No, the poison's damage is not part of the attack and therefore not doubled
Death strike explictly states that the attack is doubled (emphasis mine):
. . . On a failed save, double the damage of your attack against the creature. (PHB, p. 97)
Damage from poison applied to a weapon has been clarified as being separate damage from the attack entirely, due to needing a saving throw, as you have referenced in your question. We can phrase this in this manner due to the ruling that poison damage is not doubled on a critical hit, and the definition of critical hit damage (emphasis mine):
When you score a critical hit, you get to roll extra dice for the attack’s damage against the target. Roll all of the attack’s damage dice twice and add them together. Then add any relevant modifiers as normal. To speed up play, you can roll all the damage dice at once.
For example, if you score a critical hit with a dagger, roll 2d4 for the damage, rather than 1d4, and then add your relevant ability modifier. If the attack involves other damage dice, such as from the rogue’s Sneak Attack feature, you roll those dice twice as well. (PHB, p. 196)
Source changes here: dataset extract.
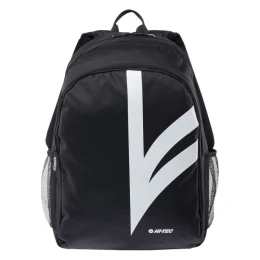 Městský černý batoh SKIPTON od společnosti Hi-Tec má prostornou hlavní komoru na zip, do které můžete zabalit notebook většího formátu nebo aktovku. Další kapsa na přední straně pojme další potřebné drobnosti. Do dvou bočních kapes ze síťoviny můžete zabalit termohrnek nebo láhev na vodu. Celek doplňuje velké logo značky.

A couple clarifications here from the bolded text.
- The "attack's damage dice" are rolled twice. This means dice that are explicitly tied to the attack roll being a success.
- Sneak Attack is all-or-nothing and therefore part of the attack. If the attack misses, Sneak Attack does not occur. This is the same reason that Divine Smite damage is doubled on a critical hit.
- Poison damage is not tied to the attack, as the poison damage is not wholly dependent on the attack landing. The success of the poison is instead tied to a saving throw. The attack only matters in that it is the vehicle for delivering the poison; the rest of the poison damage mechanic is self-contained in the poison itself and not the attack.